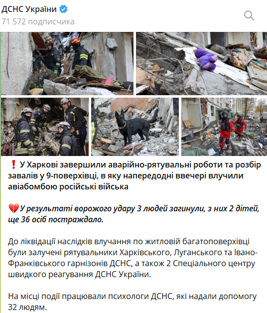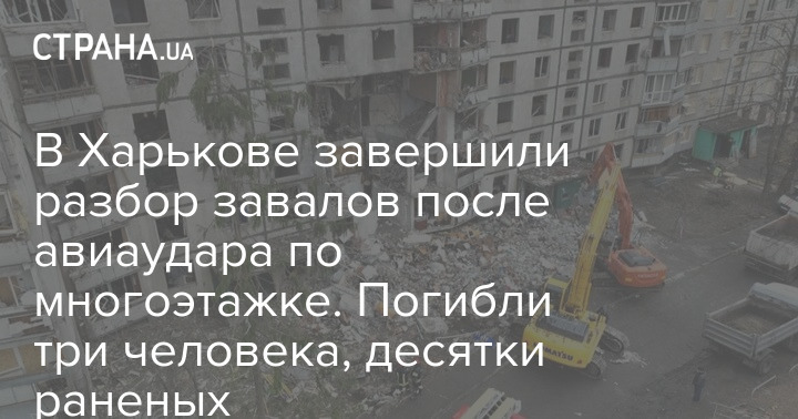В Харькове завершили разбор завалов в многоэтажном жилом доме, в который накануне попала авиабомба. Итоговая цифра - трое погибших, в том числе двое детей. Пострадали 36 человек.
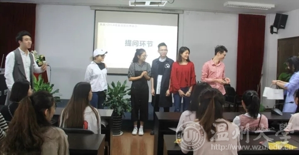 10月18日上午,2018风笛服饰全国校园招聘会温大站在黑料网 2B4001举行。风笛公司总经办主任杜强、招聘人事主管林赛赛、黑料网 总支副书记杨振海、学生科副科长叶筱卉和2018届毕业生参加本次会议。本次宣讲会,拉开了2018风笛服饰全国校园招聘会的序幕。从2009年第一次温大宣讲会以来,至此已经9个年头,多少莘莘学子迈出校门,走进风笛,谱写人生崭新的篇章。
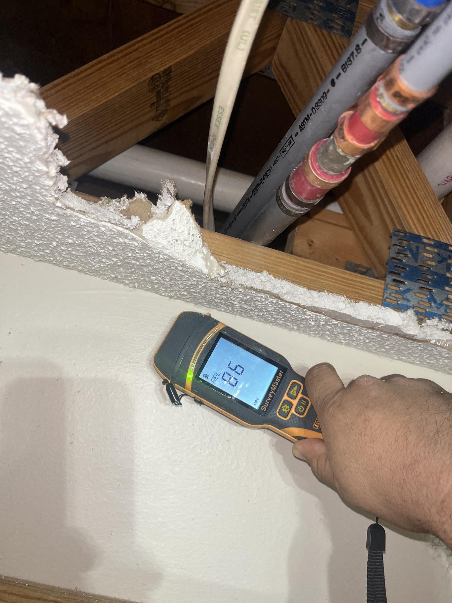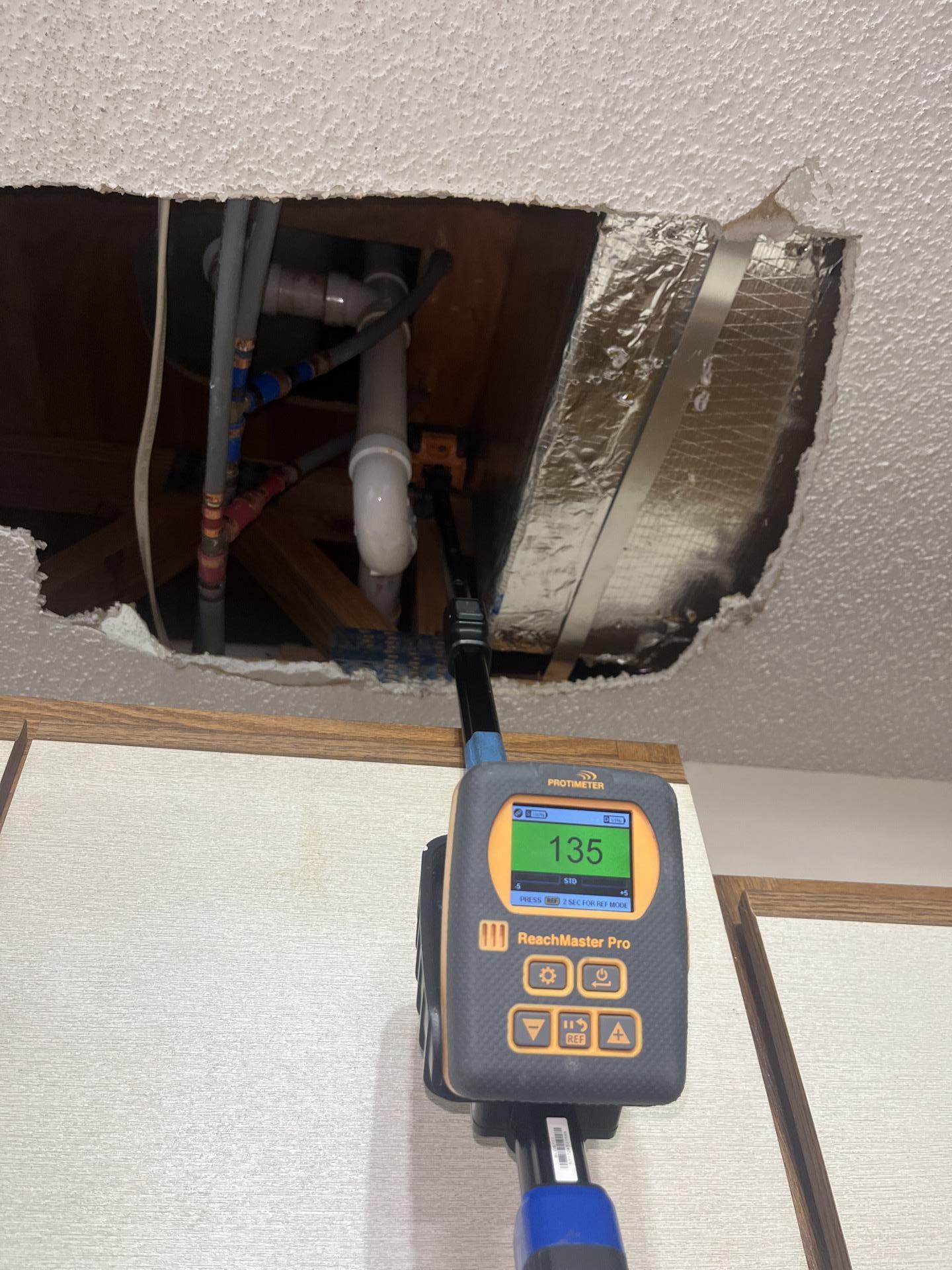 Water damage inspection and restoration services were provided. This included detailed moisture detection in the affected kitchen ceiling and surrounding areas using specialized moisture meters. The master bedroom was also thoroughly checked for moisture, confirming it was unaffected. Remediation efforts for the identified water damage were initiated to restore the property.
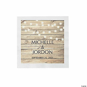 Extend the rustic theme of your wedding reception to the disposable tableware with these impressive napkins. Featuring a rustic look and personalized text, these paper napkins are the perfect choice for a rustic wedding reception, engagement party or anniversary celebration. Add personalized text for an impressive look guests will love. Paper. (50 pcs. per unit) 5″ Personalize with 4 lines of text. © OTC

Requirement -
Give the listing again word for word. Skip any pictures.

Task answer -
В Харькове завершили разбор завалов в многоэтажном жилом доме, в который накануне попала авиабомба. Итоговая цифра - трое погибших, в том числе двое детей. Пострадали 36 человек.
 10月18日上午,2018风笛服饰全国校园招聘会温大站在黑料网 2B4001举行。风笛公司总经办主任杜强、招聘人事主管林赛赛、黑料网 总支副书记杨振海、学生科副科长叶筱卉和2018届毕业生参加本次会议。本次宣讲会,拉开了2018风笛服饰全国校园招聘会的序幕。从2009年第一次温大宣讲会以来,至此已经9个年头,多少莘莘学子迈出校门,走进风笛,谱写人生崭新的篇章。
 Water damage inspection and restoration services were provided. This included detailed moisture detection in the affected kitchen ceiling and surrounding areas using specialized moisture meters. The master bedroom was also thoroughly checked for moisture, confirming it was unaffected. Remediation efforts for the identified water damage were initiated to restore the property.
 Extend the rustic theme of your wedding reception to the disposable tableware with these impressive napkins. Featuring a rustic look and personalized text, these paper napkins are the perfect choice for a rustic wedding reception, engagement party or anniversary celebration. Add personalized text for an impressive look guests will love. Paper. (50 pcs. per unit) 5″ Personalize with 4 lines of text. © OTC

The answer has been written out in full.